GIVEN RECORDS: Begin
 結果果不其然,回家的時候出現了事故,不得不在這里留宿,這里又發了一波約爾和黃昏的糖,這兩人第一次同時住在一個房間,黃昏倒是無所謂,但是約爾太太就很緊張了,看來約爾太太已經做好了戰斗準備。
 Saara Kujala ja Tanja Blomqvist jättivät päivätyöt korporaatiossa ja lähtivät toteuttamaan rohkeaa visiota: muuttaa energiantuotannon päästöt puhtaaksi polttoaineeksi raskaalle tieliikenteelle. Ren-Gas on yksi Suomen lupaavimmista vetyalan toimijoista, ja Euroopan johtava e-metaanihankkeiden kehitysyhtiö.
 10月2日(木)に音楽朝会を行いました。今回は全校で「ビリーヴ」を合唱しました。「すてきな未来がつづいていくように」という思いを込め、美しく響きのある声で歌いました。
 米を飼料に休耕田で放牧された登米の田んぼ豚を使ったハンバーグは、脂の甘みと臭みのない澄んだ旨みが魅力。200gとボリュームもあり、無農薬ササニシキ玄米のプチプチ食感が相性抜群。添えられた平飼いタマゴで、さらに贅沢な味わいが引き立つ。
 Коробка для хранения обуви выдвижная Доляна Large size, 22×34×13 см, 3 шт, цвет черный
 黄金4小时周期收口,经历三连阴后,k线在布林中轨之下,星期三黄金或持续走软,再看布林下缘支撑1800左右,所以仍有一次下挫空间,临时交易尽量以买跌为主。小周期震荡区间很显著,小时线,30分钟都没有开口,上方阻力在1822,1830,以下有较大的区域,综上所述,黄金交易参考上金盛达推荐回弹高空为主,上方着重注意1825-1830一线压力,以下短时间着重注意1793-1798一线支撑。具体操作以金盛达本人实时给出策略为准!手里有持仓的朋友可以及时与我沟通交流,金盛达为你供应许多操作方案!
GIVEN RECORDS: End
GIVEN RECORDS: Begin
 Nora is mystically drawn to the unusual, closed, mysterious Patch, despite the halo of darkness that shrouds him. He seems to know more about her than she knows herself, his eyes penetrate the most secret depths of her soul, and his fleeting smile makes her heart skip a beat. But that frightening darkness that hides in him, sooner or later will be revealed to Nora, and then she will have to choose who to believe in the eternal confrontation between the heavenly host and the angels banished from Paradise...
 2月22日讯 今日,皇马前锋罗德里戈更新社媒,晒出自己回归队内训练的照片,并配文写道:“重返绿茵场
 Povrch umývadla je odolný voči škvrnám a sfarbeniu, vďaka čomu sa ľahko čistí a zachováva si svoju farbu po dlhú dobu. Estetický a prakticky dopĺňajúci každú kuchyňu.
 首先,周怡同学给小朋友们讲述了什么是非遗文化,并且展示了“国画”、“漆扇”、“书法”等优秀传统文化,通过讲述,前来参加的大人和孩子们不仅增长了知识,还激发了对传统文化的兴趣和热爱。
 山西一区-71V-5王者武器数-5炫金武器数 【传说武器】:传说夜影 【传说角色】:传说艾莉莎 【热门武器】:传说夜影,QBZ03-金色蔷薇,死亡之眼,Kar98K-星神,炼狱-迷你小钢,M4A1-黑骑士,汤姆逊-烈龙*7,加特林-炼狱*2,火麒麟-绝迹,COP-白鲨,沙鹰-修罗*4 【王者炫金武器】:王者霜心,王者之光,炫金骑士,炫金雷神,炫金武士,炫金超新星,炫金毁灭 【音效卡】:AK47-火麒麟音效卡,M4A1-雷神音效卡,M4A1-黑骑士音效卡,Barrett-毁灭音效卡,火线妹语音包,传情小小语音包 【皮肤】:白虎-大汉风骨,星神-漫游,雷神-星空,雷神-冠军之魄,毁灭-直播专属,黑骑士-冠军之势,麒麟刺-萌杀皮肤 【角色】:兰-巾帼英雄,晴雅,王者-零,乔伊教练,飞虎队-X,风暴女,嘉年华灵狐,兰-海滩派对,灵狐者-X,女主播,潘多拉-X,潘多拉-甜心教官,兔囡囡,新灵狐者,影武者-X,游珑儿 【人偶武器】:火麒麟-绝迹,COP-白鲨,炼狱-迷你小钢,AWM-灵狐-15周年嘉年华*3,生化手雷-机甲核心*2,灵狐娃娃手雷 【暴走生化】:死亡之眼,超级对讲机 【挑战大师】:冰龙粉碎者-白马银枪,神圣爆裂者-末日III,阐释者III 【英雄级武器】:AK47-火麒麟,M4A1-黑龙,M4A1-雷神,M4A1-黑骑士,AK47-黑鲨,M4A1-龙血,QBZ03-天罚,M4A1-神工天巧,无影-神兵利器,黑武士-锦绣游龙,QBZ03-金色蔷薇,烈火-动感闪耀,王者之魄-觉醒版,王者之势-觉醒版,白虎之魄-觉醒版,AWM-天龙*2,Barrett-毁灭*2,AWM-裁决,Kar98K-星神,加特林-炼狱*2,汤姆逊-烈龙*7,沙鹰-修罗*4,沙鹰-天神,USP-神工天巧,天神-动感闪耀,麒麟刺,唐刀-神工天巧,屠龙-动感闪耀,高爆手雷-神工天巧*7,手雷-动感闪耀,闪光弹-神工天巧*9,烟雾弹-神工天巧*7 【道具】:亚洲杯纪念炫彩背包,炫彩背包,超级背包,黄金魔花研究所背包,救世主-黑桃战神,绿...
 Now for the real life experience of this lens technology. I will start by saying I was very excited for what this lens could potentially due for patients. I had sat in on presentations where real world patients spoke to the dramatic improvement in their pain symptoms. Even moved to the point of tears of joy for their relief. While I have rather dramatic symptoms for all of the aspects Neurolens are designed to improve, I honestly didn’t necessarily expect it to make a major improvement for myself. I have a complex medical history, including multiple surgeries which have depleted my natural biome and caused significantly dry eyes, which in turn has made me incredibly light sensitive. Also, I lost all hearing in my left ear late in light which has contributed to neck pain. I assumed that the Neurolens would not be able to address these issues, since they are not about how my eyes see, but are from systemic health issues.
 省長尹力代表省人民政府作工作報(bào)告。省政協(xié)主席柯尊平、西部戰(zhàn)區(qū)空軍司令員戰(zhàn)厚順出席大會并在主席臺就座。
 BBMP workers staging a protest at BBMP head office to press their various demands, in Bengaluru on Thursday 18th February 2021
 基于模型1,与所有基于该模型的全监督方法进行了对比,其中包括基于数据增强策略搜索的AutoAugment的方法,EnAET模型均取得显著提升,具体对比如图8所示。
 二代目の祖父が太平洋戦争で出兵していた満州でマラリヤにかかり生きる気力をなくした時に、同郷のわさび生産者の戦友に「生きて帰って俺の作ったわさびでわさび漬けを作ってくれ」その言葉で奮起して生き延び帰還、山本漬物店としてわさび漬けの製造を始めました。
GIVEN RECORDS: End
GIVEN RECORDS: Begin
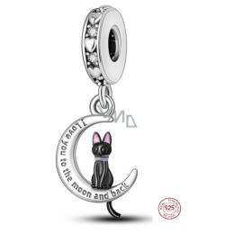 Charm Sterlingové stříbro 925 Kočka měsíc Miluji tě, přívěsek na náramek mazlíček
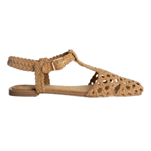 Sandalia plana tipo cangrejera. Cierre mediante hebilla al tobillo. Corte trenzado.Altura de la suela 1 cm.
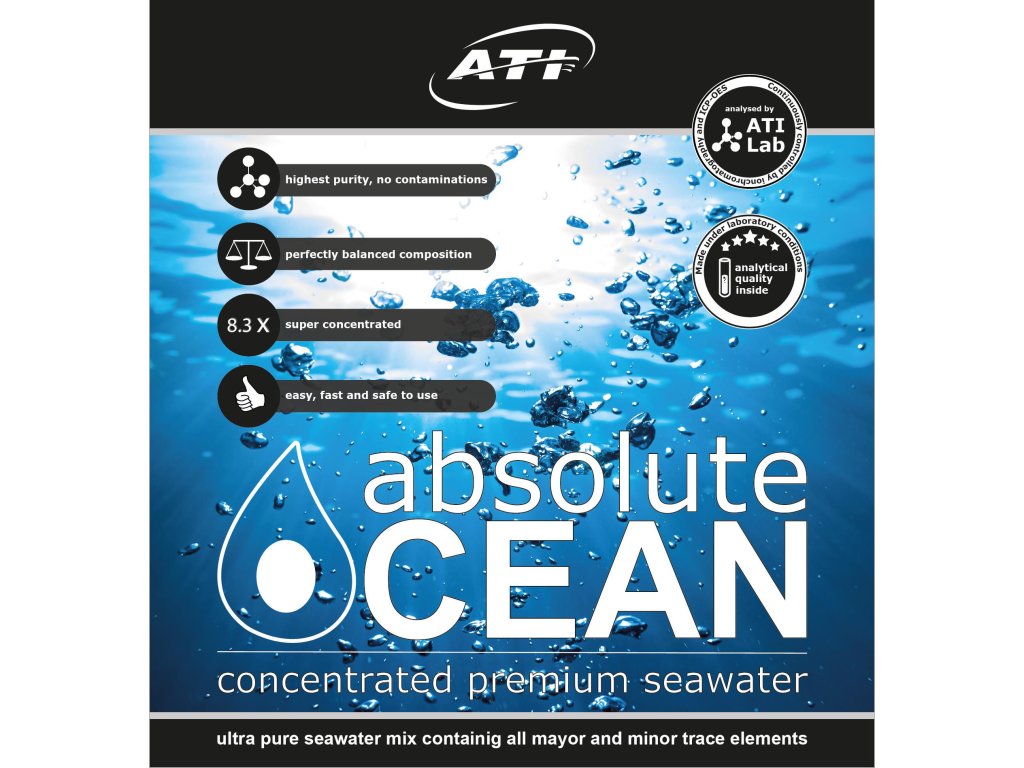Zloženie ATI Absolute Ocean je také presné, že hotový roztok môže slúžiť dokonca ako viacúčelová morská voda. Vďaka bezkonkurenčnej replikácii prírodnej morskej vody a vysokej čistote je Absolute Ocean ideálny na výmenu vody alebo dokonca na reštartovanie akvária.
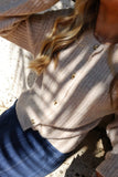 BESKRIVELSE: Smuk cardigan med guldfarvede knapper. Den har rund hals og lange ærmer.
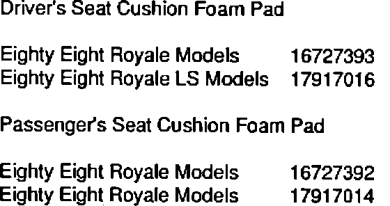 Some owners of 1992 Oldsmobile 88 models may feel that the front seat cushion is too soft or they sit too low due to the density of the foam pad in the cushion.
GIVEN RECORDS: End
◆ TASK BRIEF
Retype, in the same exact form, the lines of the material above from the line holding "Povrch umývadla je" through the line holding "首先,周怡同学给小朋友们讲述".

◆ ANSWER
 Povrch umývadla je odolný voči škvrnám a sfarbeniu, vďaka čomu sa ľahko čistí a zachováva si svoju farbu po dlhú dobu. Estetický a prakticky dopĺňajúci každú kuchyňu.
 首先,周怡同学给小朋友们讲述了什么是非遗文化,并且展示了“国画”、“漆扇”、“书法”等优秀传统文化,通过讲述,前来参加的大人和孩子们不仅增长了知识,还激发了对传统文化的兴趣和热爱。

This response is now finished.